I’m not sure what the solution is to this (fixing team create saving is of course critical) but a dedicated release time, or just a studio prompt that gives a warning would help remedy this issue. Do TC servers pull WIP scripts from clients when they shutdown? (The code recovery tool is a nightmare because it says you lost work on identical diffs)
The new release flow should make this specific scenario impossible. The way it can go wrong with the new flow is:
It’s 9 PM PST on a Tuesday. You start a fresh TC session and start working on it.
In 1 hour, we release new server version but this keeps your server running on the old version
In 4 more hours, you are tired but @Sharksie joins you; you continue writing code for an hour and then sign off and leave
In 5 more hours, @Sharksie is kinda tired as well and wants to stop but luckily you woke up and are eager to continue writing your machine learning code that changes the world, so you sign back in
In 3 more hours, it’s 10 AM PST on a Wednesday and we kill your TC session and you lose some amount of unsaved progress + trigger possible TC bugs. Note that we kill your TC session because it has been started on the old server and there’s been 12 hours since the new server version has been available - if the TC session started after 10 PM PST it would be the new version and we wouldn’t touch that up until next week.

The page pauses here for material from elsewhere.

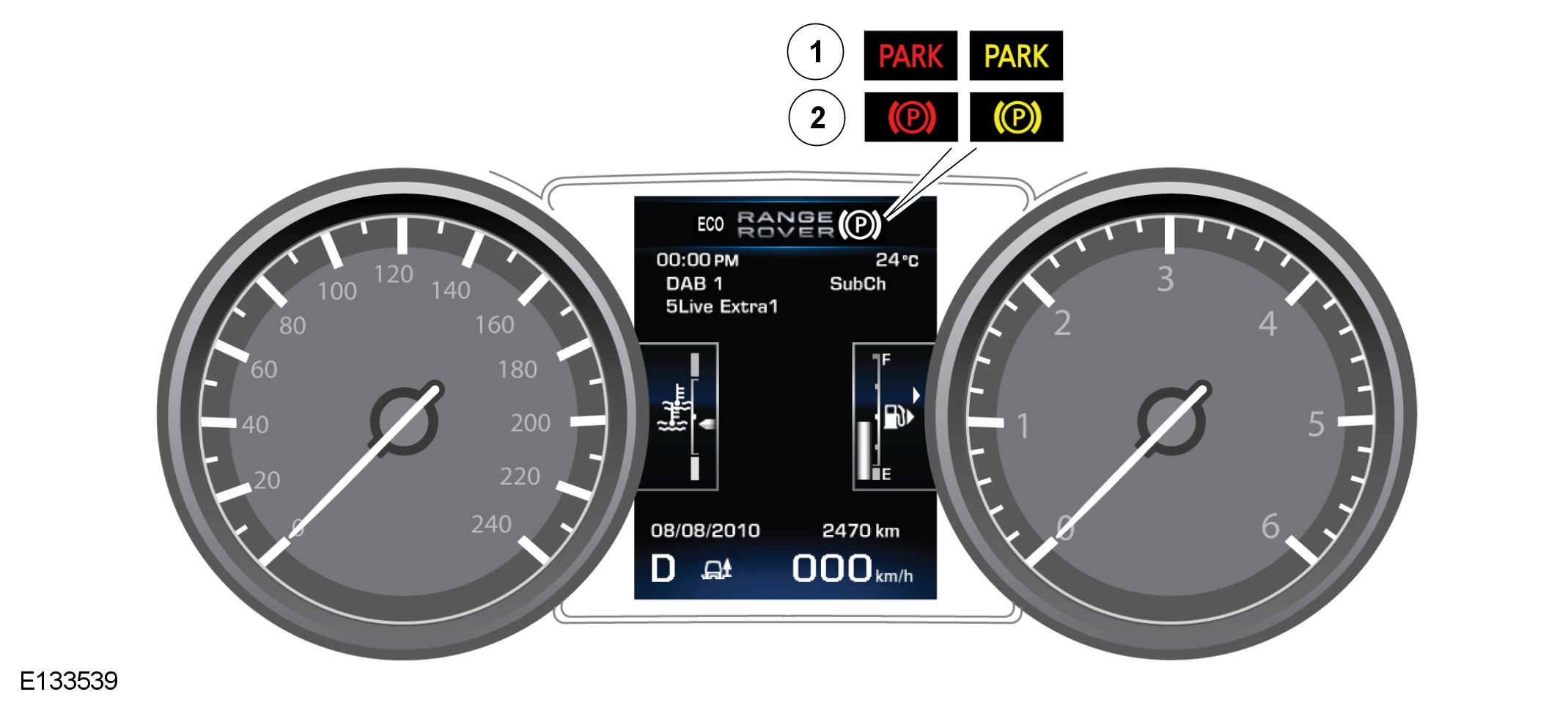 A parking brake warning indicator in the message center can be illuminated red or yellow. The EPB (electronic parking brake) module operates the warning indicator using high speed CAN (controller area network) messages to the instrument cluster. When the parking brake is applied in the static mode, the warning indicator is permanently illuminated red while the ignition is on, and for 10 seconds after the ignition is goes off. If a fault is detected while the parking brake is applied, the warning indicator flashes red. If a fault is detected while the parking brake is released, the warning indicator flashes yellow. All fault indications are accompanied by a related message displayed in the message center and a warning chime.

We currently don’t have specific stats on TC session shutdowns so we don’t know - this might be happening right now. It would definitely be great to add some kind of notification for this. In theory you should only lose 5 minutes of progress, but there are some fixes Studio team is actively working on (check with @Silent137 for details) that should address data loss that can occur due to disconnects/shutdowns like this.
Could TC sessions get notifications on when a forced shutdown will happen? If you’re working on something all night or forget what day of the week it is, you may not realize a new update is rolling out. At least this way anybody working on something can anticipate when a shutdown will occur, save their work, or start a new updated server instance in advance.
Something as simple as a dialog box for all connected clients would suffice.